In order to eliminate the kanamycin resistance cassette and to inactivate the ldhA gene, the chloramphenicol resistance cassette was inserted into the ldhA gene deleting most of the gene concerned according to Protocol 2.

Protocol 2 : Introduction of a PCR Product for Recombination and Selection of the Recombinants

The oligonucleotides chosen and given in Table 2 for replacement of a gene or an intergenic region were used to amplify either the chloramphenicol resistance cassette from the plasmid pKD3 or the kanamycin resistance cassette from the plasmid pKD4 (Datsenko, K. A. & Wanner, B. L. (2000)). The PCR product obtained was then introduced by electroporation into the recipient strain bearing the plasmid pKD46 in which the system λ Red (γ, β, exo) expressed greatly favours homologous recombination. The antibiotic-resistant transformants were then selected and the insertion of the resistance cassette was checked by PCR analysis with the appropriate oligonucleotides given in Table 1.

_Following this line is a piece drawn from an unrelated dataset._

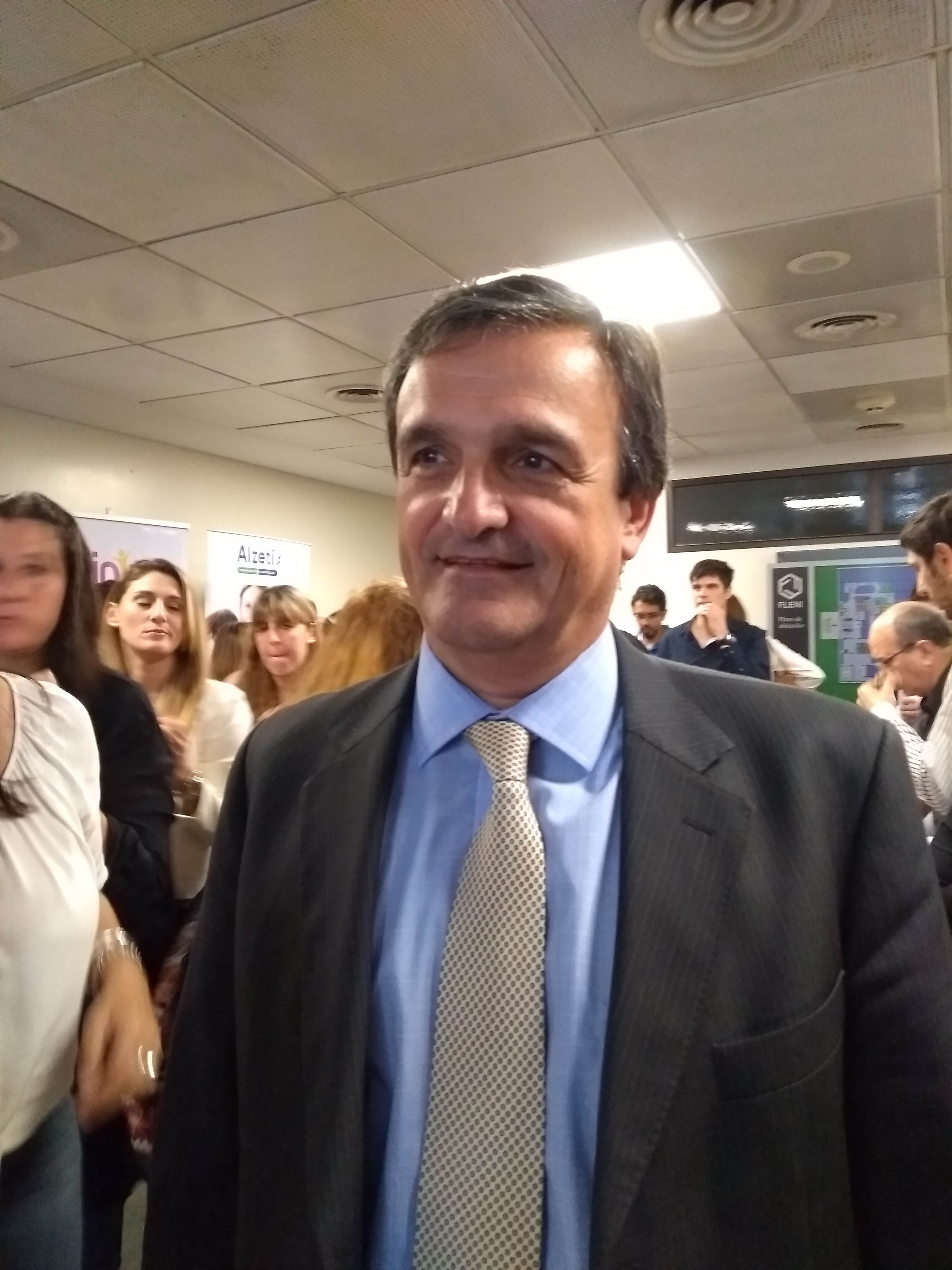 Photo of argentinean neuroscientist Allegri Ricardo

The other modifications of the strain were checked with the oligonucleotides given in Table 1.

The resulting strain was named E. coli MG1655 lpd*, ΔldhA::Cm, ΔtpiA, ΔpflAB, ΔadhE, ΔgloA, ΔaldA, ΔaldB, Δedd.

At each step, the presence of the modifications previously built in the strain was checked using the oligonucleotides given in Table 1.

TABLE 2
Oligonucleotides used for replacement of a chromosomal region by
recombination with a PCR product in the strain E. coli MG1655

			Homology with
Region name	Names of oligos	SEQ ID	chromosomal region
ldhA gene	DldhAF	N°32	1440865-1440786
	DldhAR	N°33	1439878-1439958
tpiA gene	tpiA::kmF	N°34	4109264-4109195
(reconstruction)	tpiA::kmR	N°35	4109109-4109193
gapA promoter	Ptrc-gapAF	N°36	1860478-1860536
(Ptrc16-gapA)	Ptrc-gapAR	N°37	1860762-1860800
pykA gene	DpykAF	N°38	1935756-1935836
	DpykAR	N°39	1937055-1937135
pykF gene	DpykFF	N°40	1753689-1753766
	DpykFR	N°41	1755129-1755051
gldA gene	gldA D f	N°42	4135511-4135590
	gldA D r	N°43	4136615-4136536
ackA-pta genes	DackAF	N°44	2411494-2411573
	DptaR	N°45	2414906-2414830
poxB gene	DpoxBF	N°46	908557-908635
	DpoxBR	N°47	910262-910180

Example 2

Evolution of the Modified Strains E. coli MG1655 lpd* ΔtpiA, ΔpflAB, ΔadhE, ΔldhA::Cm, ΔgloA, ΔaldA, ΔaldB, Δedd in Chemostat Culture Under Anaerobic or Microaerobic Conditions and Physiological Characterization of Evolution

To evolve it toward improved acetol or 1,2 propanediol production, the strain E. coli MG1655 lpd* ΔtpiA, ΔpflAB, ΔadhE, ΔldhA::Cm, ΔgloA, ΔaldA, ΔaldB, Δedd was cultivated in continuous culture under anaerobic conditions on one side and under micro aerobic conditions (1% oxygen) on the other side in the culture medium MPG such as described previously, with excess glucose (from 20 g/l initially with addition if the glucose becomes exhausted). The temperature was set at 37° C. and the pH was regulated at 6.5 by addition of base. The evolution of the strain in the chemostats was followed by the increase of the biomass concentration coupled with the increase of the concentrations of the products, acetol or 1,2-propanediol and the co-product acetate, over several weeks (from 4 weeks up to 6 months). This denoted the improvement of the performances of the strains. When the cultures reached a steady state with no further increase of the concentrations under these conditions, the evolution was done.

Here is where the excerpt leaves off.